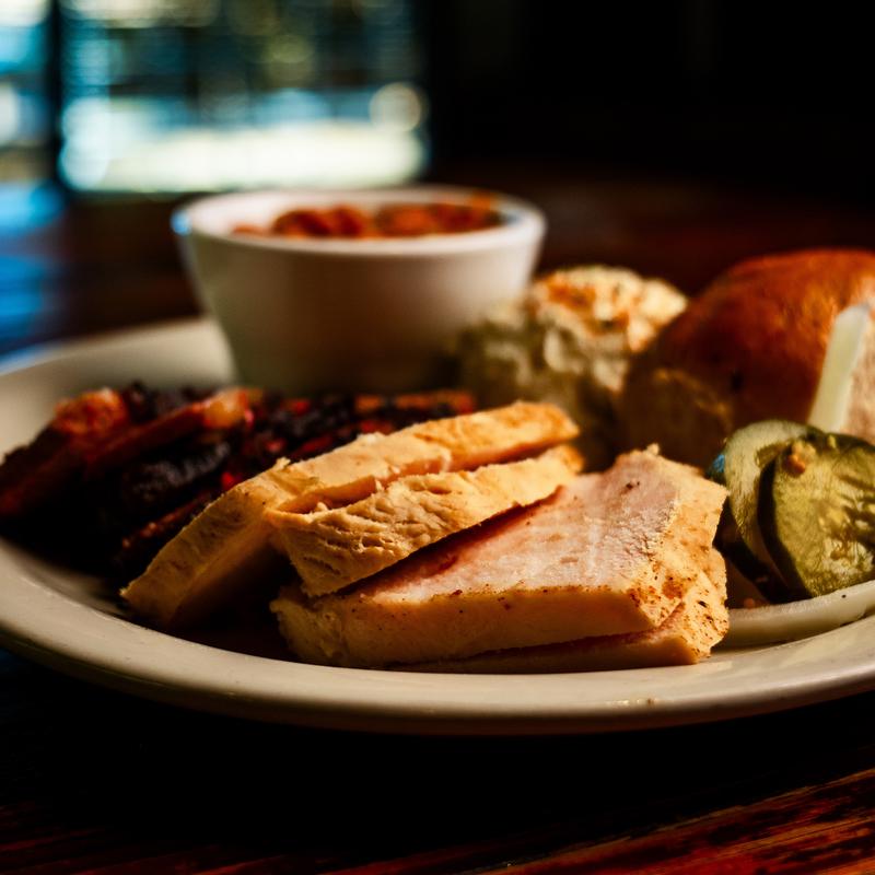 Choice of meat (sliced or chopped brisket, pulled pork, green chile cheddar sausage, turkey breast, chicken quarters, pork ribs) served with potato salad, pinto beans, pickles, onions & roll | Additional meats $4.49 each
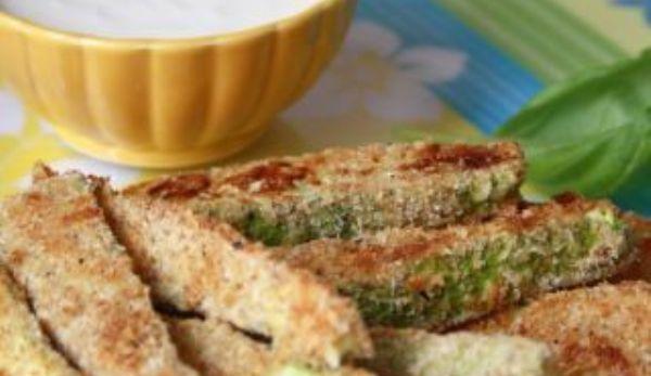 Mod de Preparare: Preincalziti cuptorul la 180 gradeC. Intr-un castron combinati pesmetul, parmezanul, sare si piper. In altul bateti ouale cu putina sare si piper. Taiati dovlecelul in fasii potrivite, pe care le tavaliti prin ou si dupa prin amestecul uscat. Le asezati pe o tava tapetata cu hartie de copt. Dati la cuptor pana devin aurii si crocante. Intre timp pregatiti sosul: amestecati smantana cu parmezanul si adaugati sare dupa gust.
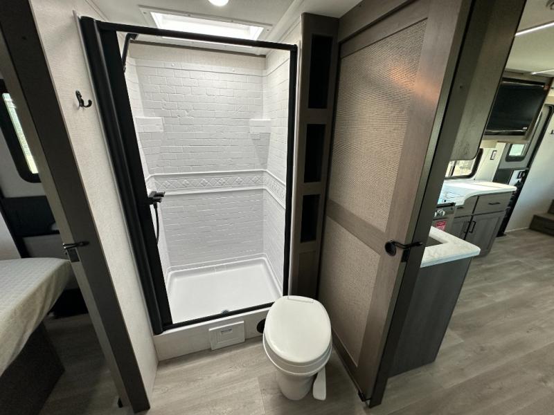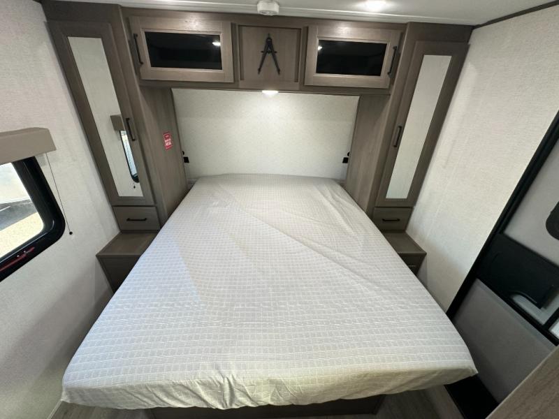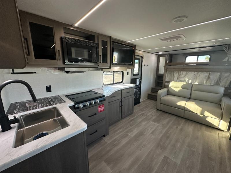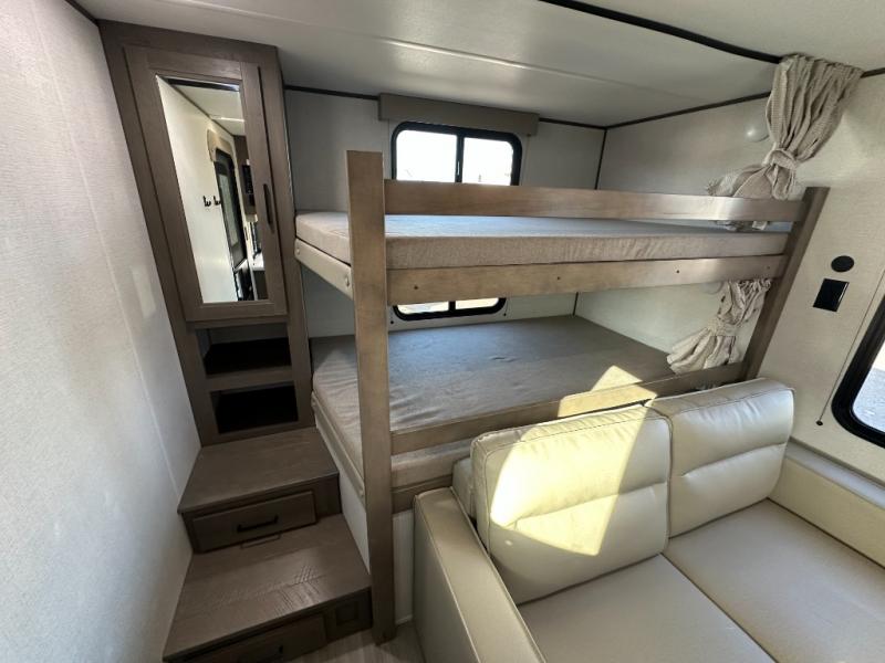 Your crew of eight will love camping in this spacious travel trailer! There are double-size bunks in the back with step storage and an added wardrobe for your guests' things plus exterior storage for camp gear galore. A walk-thru bath will create a front master bedroom you are sure to love, especially with its queen bed, wardrobe storage, and private exterior entry door! The main living area will be a favorite place to hang out with its U-shaped dinette, theater seating and 32" TV. If the weather is nice, you may just find yourselves outdoors since there is a rear exterior griddle and 1.7 cu. ft. refrigerator!
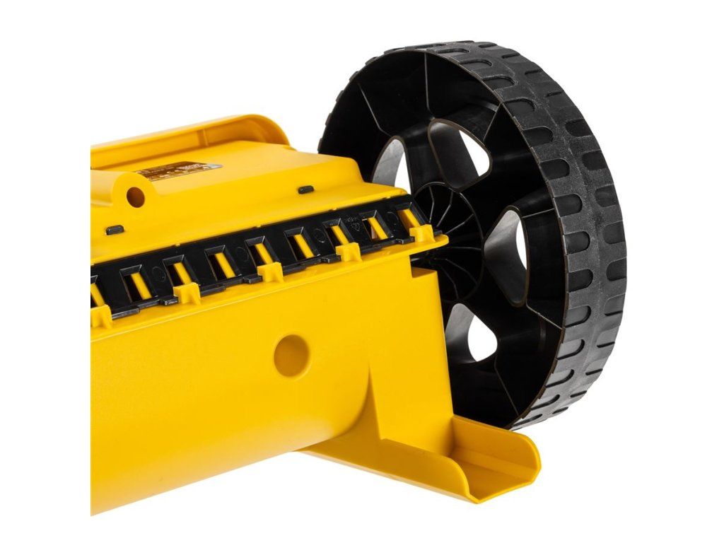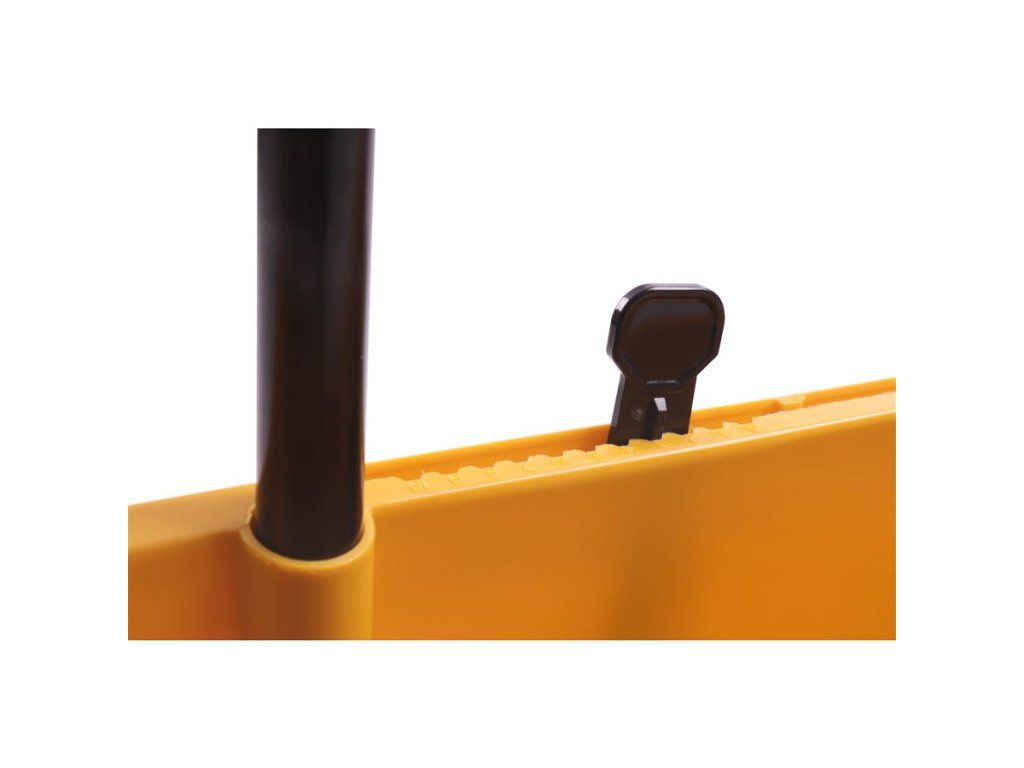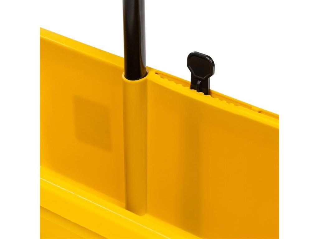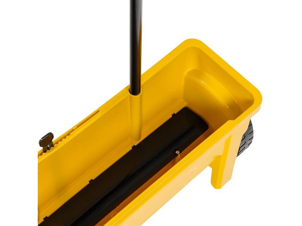 Konštrukcia z oceľových rúrok zabezpečuje pevnosť, zatiaľ čo 12-litrová plastová nádoba ponúka dostatočný objem na základné práce bez častého dopĺňania.

About this task: Leaving the pictures out, give back each line above exactly.

Exercise answer:
 Choice of meat (sliced or chopped brisket, pulled pork, green chile cheddar sausage, turkey breast, chicken quarters, pork ribs) served with potato salad, pinto beans, pickles, onions & roll | Additional meats $4.49 each
 Mod de Preparare: Preincalziti cuptorul la 180 gradeC. Intr-un castron combinati pesmetul, parmezanul, sare si piper. In altul bateti ouale cu putina sare si piper. Taiati dovlecelul in fasii potrivite, pe care le tavaliti prin ou si dupa prin amestecul uscat. Le asezati pe o tava tapetata cu hartie de copt. Dati la cuptor pana devin aurii si crocante. Intre timp pregatiti sosul: amestecati smantana cu parmezanul si adaugati sare dupa gust.
 Your crew of eight will love camping in this spacious travel trailer! There are double-size bunks in the back with step storage and an added wardrobe for your guests' things plus exterior storage for camp gear galore. A walk-thru bath will create a front master bedroom you are sure to love, especially with its queen bed, wardrobe storage, and private exterior entry door! The main living area will be a favorite place to hang out with its U-shaped dinette, theater seating and 32" TV. If the weather is nice, you may just find yourselves outdoors since there is a rear exterior griddle and 1.7 cu. ft. refrigerator!
 Konštrukcia z oceľových rúrok zabezpečuje pevnosť, zatiaľ čo 12-litrová plastová nádoba ponúka dostatočný objem na základné práce bez častého dopĺňania.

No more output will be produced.